Checkmate


This is almost certainly a pre-release bit of propaganda, but it’s – as is the case for most Russian propaganda – well done. The Russians have their own F-35! [france24]

It’s called Checkmate and allegedly was built very quickly using modern techniques and costs 1/7 of what an F-35 costs.

There’s some puffery about that it can “attack 6 targets simultaneously” – which I think is interesting. Presumably that means that the control software is able to manage a reasonable number of inputs, and hasn’t got the over-reaching electronic battlefield integration of the F-35. If you want to think about this like Stalin would, at 1/7 of the price, then the Checkmate can track 42 targets, it just takes 6 planes. Or something like that. The point is that the Russians have a pretty good sense for the adequate in their weapons-systems, and are willing to accept adequate over ideal if the cost parameters are right.

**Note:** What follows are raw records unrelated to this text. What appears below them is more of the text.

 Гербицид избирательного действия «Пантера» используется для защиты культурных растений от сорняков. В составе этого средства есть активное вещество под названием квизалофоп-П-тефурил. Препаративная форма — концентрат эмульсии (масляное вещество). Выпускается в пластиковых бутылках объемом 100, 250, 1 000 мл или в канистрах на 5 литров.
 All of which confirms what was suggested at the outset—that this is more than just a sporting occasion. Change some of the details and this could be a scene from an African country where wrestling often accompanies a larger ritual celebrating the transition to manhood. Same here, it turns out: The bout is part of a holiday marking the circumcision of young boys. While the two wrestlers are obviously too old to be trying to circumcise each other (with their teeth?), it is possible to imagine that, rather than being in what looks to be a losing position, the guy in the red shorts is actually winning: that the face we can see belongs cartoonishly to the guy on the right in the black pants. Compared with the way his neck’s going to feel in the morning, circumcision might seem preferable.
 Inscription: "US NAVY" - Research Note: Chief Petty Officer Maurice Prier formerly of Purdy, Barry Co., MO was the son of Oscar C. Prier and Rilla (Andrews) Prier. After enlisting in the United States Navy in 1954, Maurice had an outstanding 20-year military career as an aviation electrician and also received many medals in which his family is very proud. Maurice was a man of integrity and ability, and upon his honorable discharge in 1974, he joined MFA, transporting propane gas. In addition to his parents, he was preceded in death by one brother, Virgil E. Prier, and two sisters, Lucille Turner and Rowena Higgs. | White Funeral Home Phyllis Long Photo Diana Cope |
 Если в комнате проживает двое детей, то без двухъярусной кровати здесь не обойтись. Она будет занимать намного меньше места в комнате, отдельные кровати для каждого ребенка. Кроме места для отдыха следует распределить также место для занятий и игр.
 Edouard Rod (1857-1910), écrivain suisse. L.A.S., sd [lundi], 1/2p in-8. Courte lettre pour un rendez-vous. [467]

American nationalists are going to scream that it looks like a ripoff of the F-35, but it’s not. It appears to me to have less emphasis on stealth than the ’35 and has a smaller cockpit. I am going to predict that pilots don’t like that cockpit so much (the F-16’s soap bubble being an ideal, because it was designed by fighter pilots) but it’s not too bad. The other aspects of the plane’s design appear to be similar-ish to an F-35 because that’s what a high performance stealth fighter looks like. It’s a single-engine design, too, which is interesting: maybe the Russians made it light and didn’t need two engines, or a massively over-clocked single engine like the F-35. Again, “keep it simple” – there’s no vectored thrust or anything like that. It actually might be a pretty decent fighter jet.

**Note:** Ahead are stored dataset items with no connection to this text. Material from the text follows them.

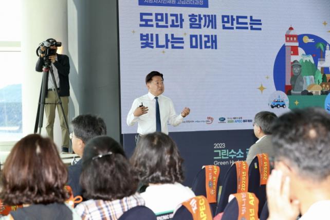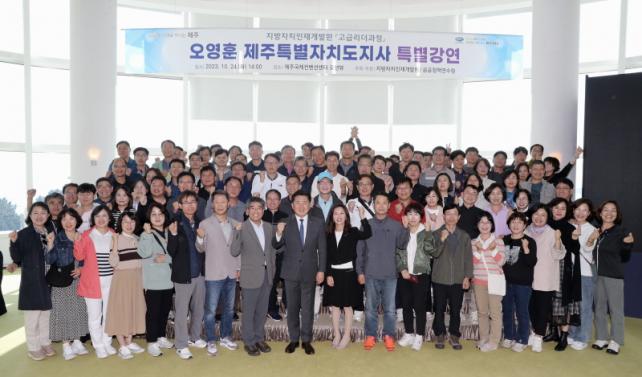 À̹ø °¿¬Àº ¿ª»ç¡¤¹®È ¿ì¼ö»ç·Ê ޹æ Â÷ 3¹Ú 4Àϰ£(10.23~26.) Á¦ÁÖ¸¦ ¹æ¹®ÇÑ ±³À°»ý(Àü±¹ ¼±â°ü) 113¸í¿¡°Ô ¹Î¼±8±â Á¦ÁÖµµÁ¤¿¡¼ Çõ½ÅÀûÀ¸·Î ÃßÁøÇÏ´Â »ç¾÷À» °øÀ¯Çϱâ À§ÇØ ¸¶·ÃµÆ´Ù. Ưº°°¿¬¿¡ ³ª¼± ¿À¿µÈÆ Áö»ç´Â Á¦ÁÖ4¡¤3ÀÇ ¿ª»ç¿Í ±Øº¹ °úÁ¤À» ÅëÇØ Á¦ÁÖ°¡ ¹Ì·¡·Î ³ª¾Æ°¡°í ÀÖ´Ù°í °Á¶Çϸç Á¦ÁÖµµÁ¤ÀÌ ¿ªÁ¡ÀûÀ¸·Î ÃßÁøÇÏ´Â ¹Ì·¡Çõ½Å»ê¾÷ µî¿¡ ´ëÇØ ¼³¸íÇß´Ù.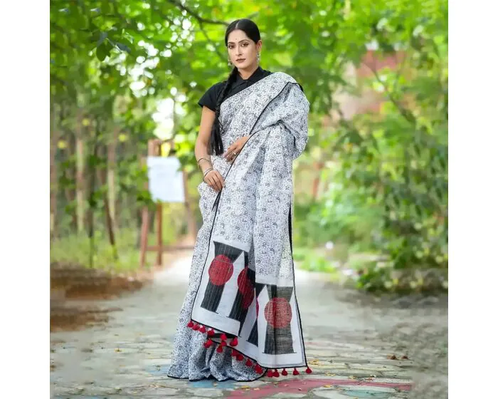 The Monochrome Symphony Handwoven Saree is an artistic fusion of traditional patterns and modern geometry. The black and white contrast with bold red details makes it an excellent choice for cultural events, casual gatherings, or even formal occasions. Its lightweight cotton fabric ensures all-day comfort, while the elegant tassels and structured pallu design add a contemporary flair. Pair it with silver or oxidized jewelry and a black blouse for a refined, confident look.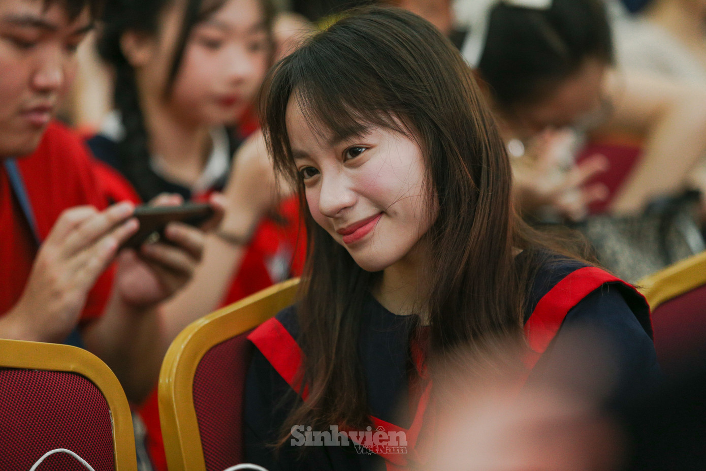 | Bạn Nguyễn Văn Nam - Sinh viên xuất sắc lớp TTĐPT-C, Khoa Truyền thông Đa phương tiện phát biểu cảm nghĩ tại lễ tốt nghiệp: "Đối với mỗi sinh viên chúng em, tốt nghiệp không chỉ là lên sân khấu nhận tấm bằng, mà quan trọng hơn là sẽ đánh dấu sự khởi đầu của giai đoạn tiếp theo. Ngày mai đây, bước vào môi trường nghề nghiệp, chúng em xin hứa sẽ tiếp tục phấn đấu không ngừng, mang kiến thức đã học, vận dụng sáng tạo vào cuộc sống để không phụ lòng mong đợi của thầy cô, xứng đáng là sinh viên của Học viện Phụ nữ Việt Nam." |

Meanwhile, in F-35 land, which is an unhappy kingdom of pain, the first-fielded F-35s are coming due for their engine tear-down and full refit. Which means the aircraft has to be hangared while the engine is shipped off amazon.com’s warehouse… Just kidding. It gets shipped back to Lockheed Martin, which get to make a ton of money maintaining them.

Remember when I called the F-35 “expensive hangar queens”? [military]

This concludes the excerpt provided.